# Your goal:
Retype exactly the lines from the one containing "Von links: Carlos" through the last line of the records below, including both, and leave out any pictures.

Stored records

**********

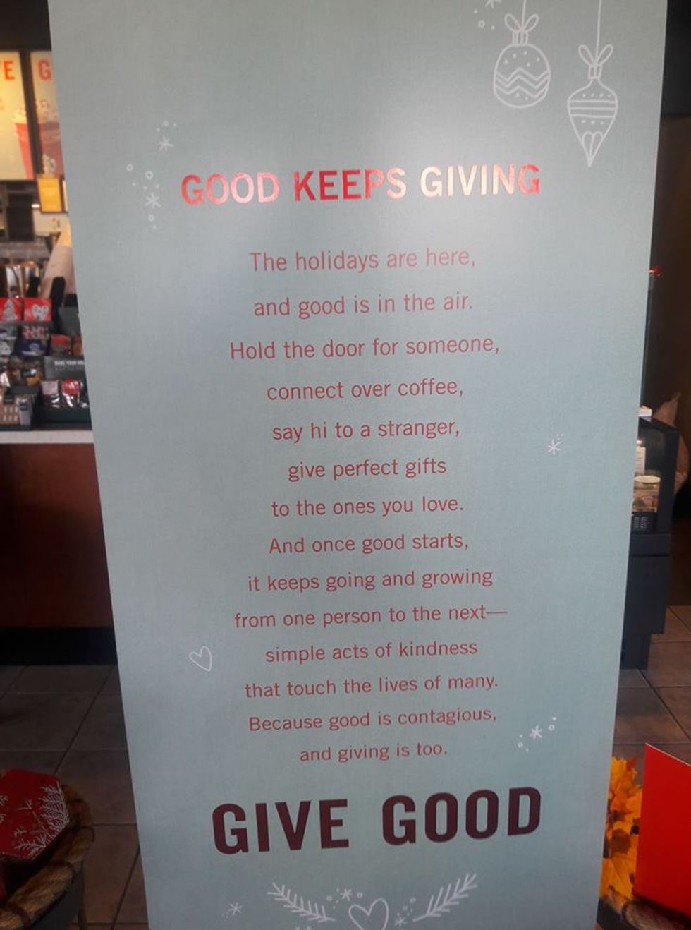 At Starbucks today I saw this sign and I was compelled to share it everywhere as this is the message that we all need to adhere to in these troubled times that are facing our country now. It seems as though we are a very divided nation and the only way to bring us all together is to begin showing everyone that service to humanity is the best work of life. It is time for us to all find ways to make compassion and kindness rule our day. It is important for all of us to find common ground and create win-win situations in each encounter we have during the day. When you do good it has a ripple effect and as a result we experience a positive shift in our personal, professional, and spiritual life.
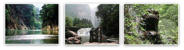 四面山,景区景观以原始森林为基调,众多溪流、湖泊、瀑布点染于苍山绿树之,丹霞地貌丰富其自然色彩,目不暇接的动、植物更为景区增添盎然生机。 四面山的瀑布最为壮观。有大小瀑布100多处。瀑布倾泻激荡,掀起满天烟雾,轰然鸣响,数里之外也能感受到其威势。望乡台瀑布高152米,宽40米,居我国高瀑之首;水口寺瀑布高94米,悬挂在一个天然洞穴之下,景象奇特;鸳鸯瀑布比翼齐飞,撩人遐思。 风景区内的洪海湖,湖水晶莹清澈,静如明镜,蜿蜒逶迤于深山峡谷、莽莽森林之中。荡舟湖上,心旷神怡。面山原始绿阔叶林带在同纬度中保存较好,有植物1500多种,珍稀濒危植物19种,其中刺桫椤是3.5亿年前的史前残遗植物。动物207种,其中属国家级重点保护动物16种,省级保护动物8种,为我国“物种基因的宝库”。
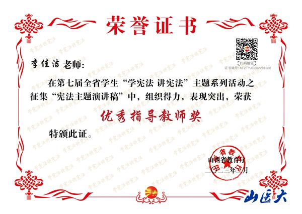 “学宪法讲宪法”主题系列活动是山西省教育厅每年组织的一项重要普法活动,也是我校面向广大师生进行法律宣传的主要活动内容。近日,山西省教育厅公布了在2022年全省教育系统的“学宪法、讲宪法”活动中表现突出的先进集体和个人,我校荣获优秀组织奖,基础医学院学生白京与指导老师李佳洁分获三等奖与优秀指导教师奖;护理学院学生张玲辉获宪法知识竞赛决赛优秀奖;另外,在“我与宪法”微视频活动中,第一临床医学院学生贾志杰、廖晴雪,儿科医学系学生杜娟、任若瑜分获优秀奖。
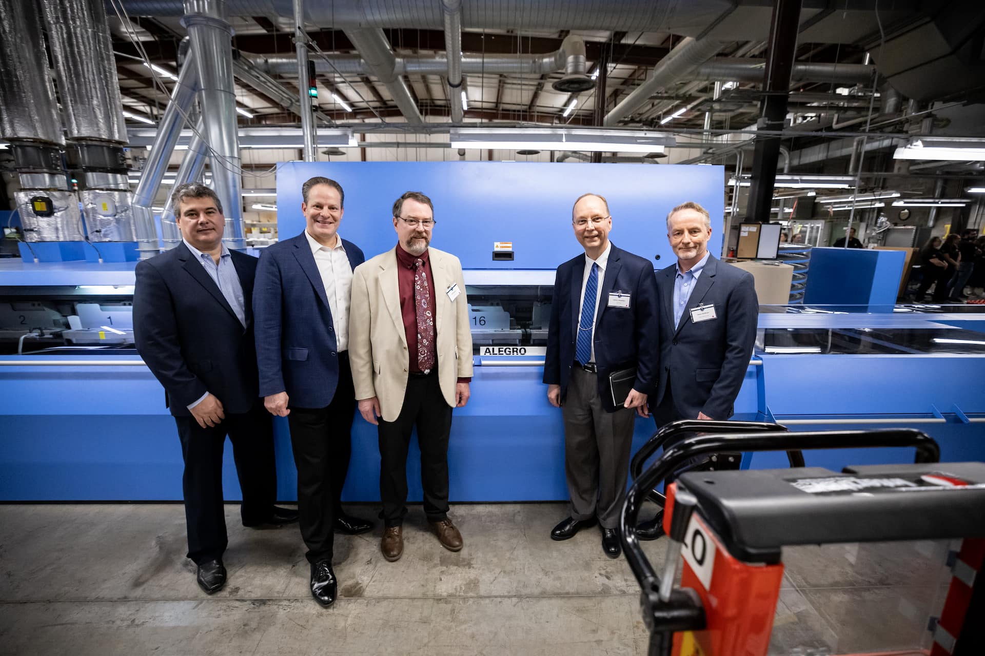 Von links: Carlos Martins (Head of Solutions Manager Muller Martini North America), Andy Fetherman (President and CEO Muller Martini North America), Bill Robson (Senior Manager Printing Operations BJU Press), James Llewellyn (Director of Manufacturing and Distribution BJU Press), Peter Wolfram (Regional Sales Manager Muller Martini North America).
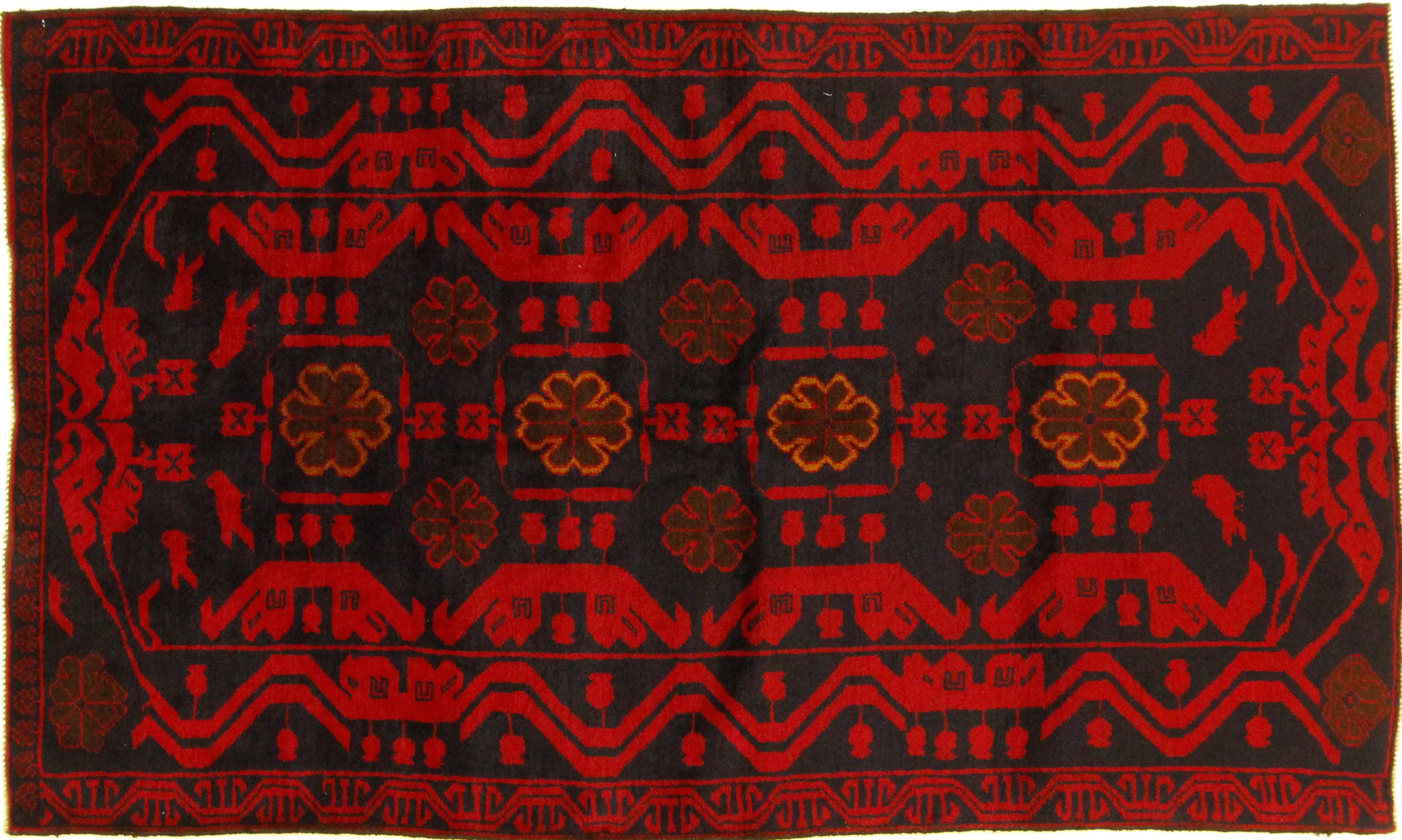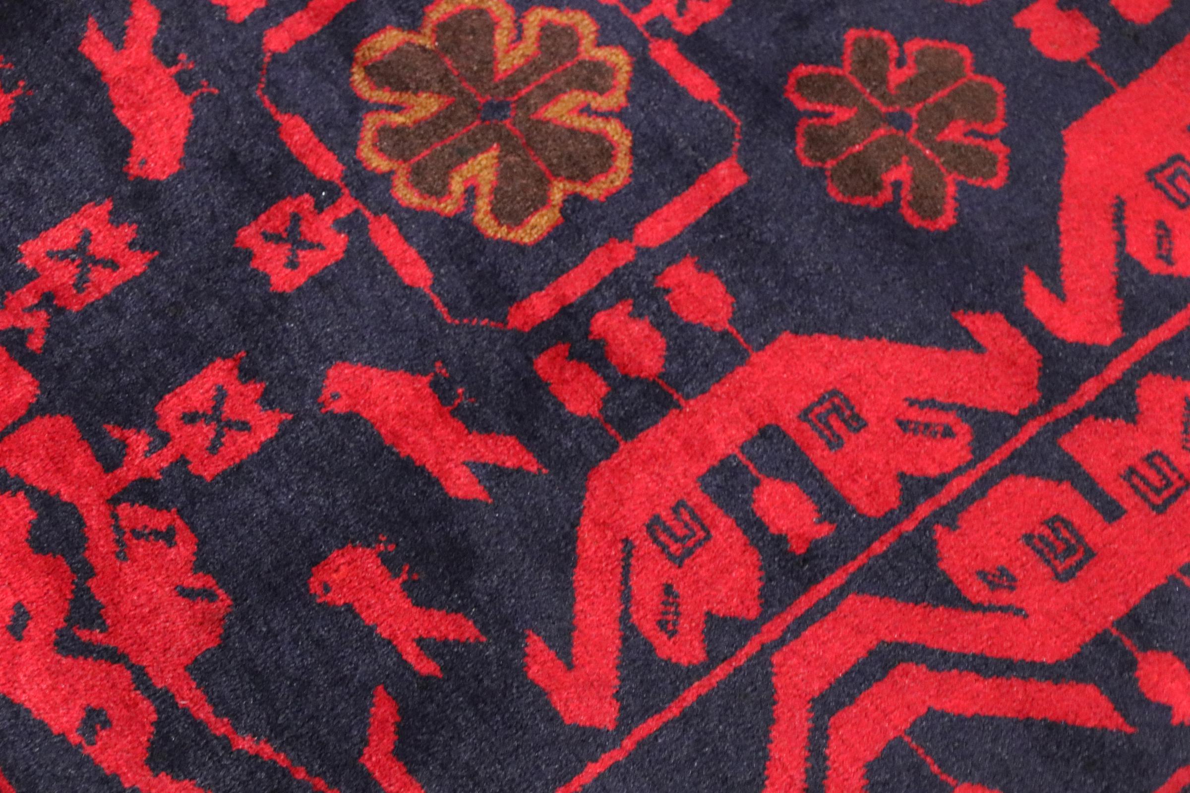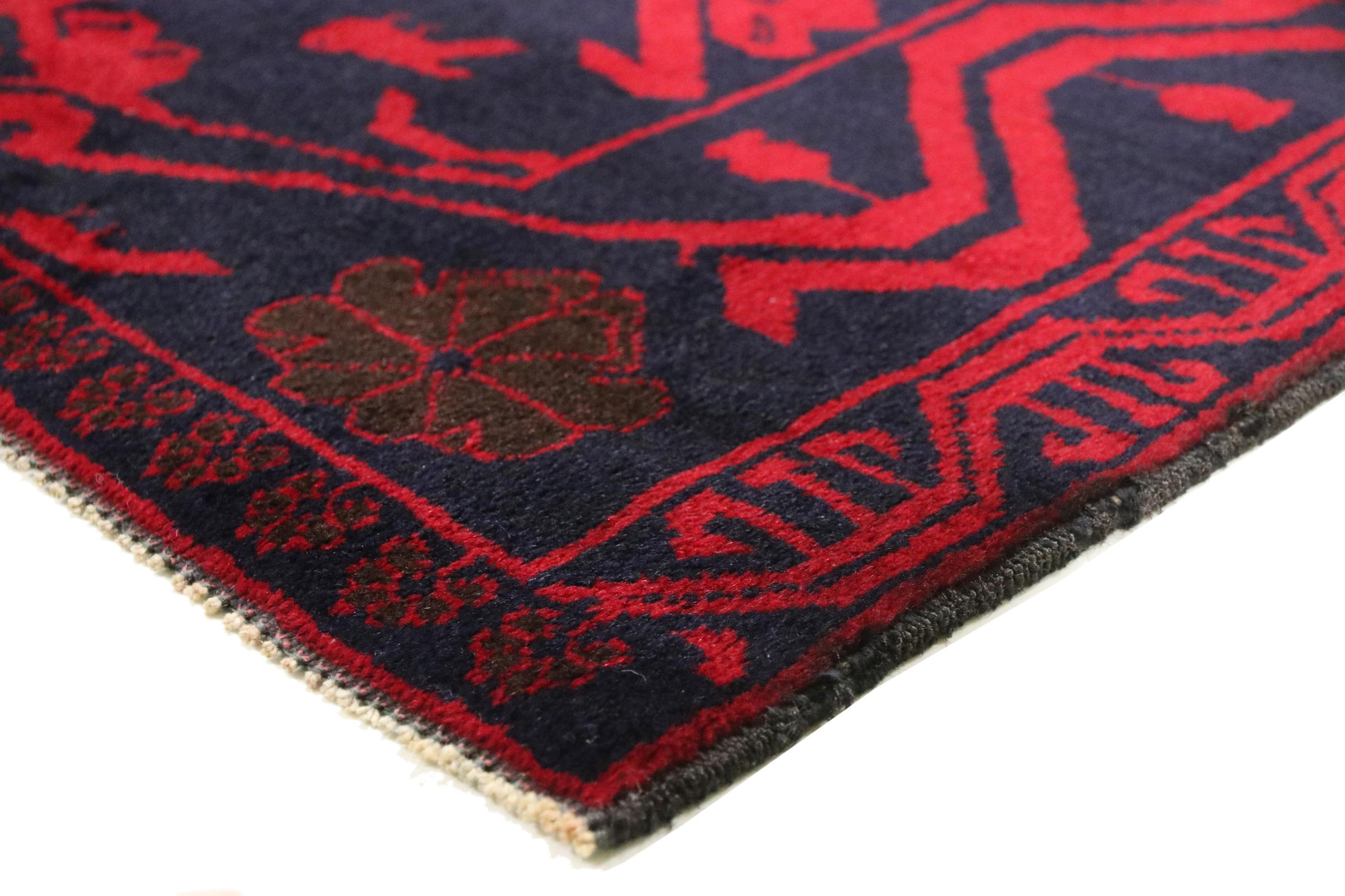 Carpet ID: 136179007182373 Size: 192x105 cm Thickness: ap. 6 mm Knot density: 200 000 - 250 000 / m² Manufacturing: Knotted by hand Pile: Sheep wool Warp: Cotton Origin: Afghanistan Age: New Weight: ap. 5 kg In stock: Unique

**********

# Written reply:
 Von links: Carlos Martins (Head of Solutions Manager Muller Martini North America), Andy Fetherman (President and CEO Muller Martini North America), Bill Robson (Senior Manager Printing Operations BJU Press), James Llewellyn (Director of Manufacturing and Distribution BJU Press), Peter Wolfram (Regional Sales Manager Muller Martini North America).
 Carpet ID: 136179007182373 Size: 192x105 cm Thickness: ap. 6 mm Knot density: 200 000 - 250 000 / m² Manufacturing: Knotted by hand Pile: Sheep wool Warp: Cotton Origin: Afghanistan Age: New Weight: ap. 5 kg In stock: Unique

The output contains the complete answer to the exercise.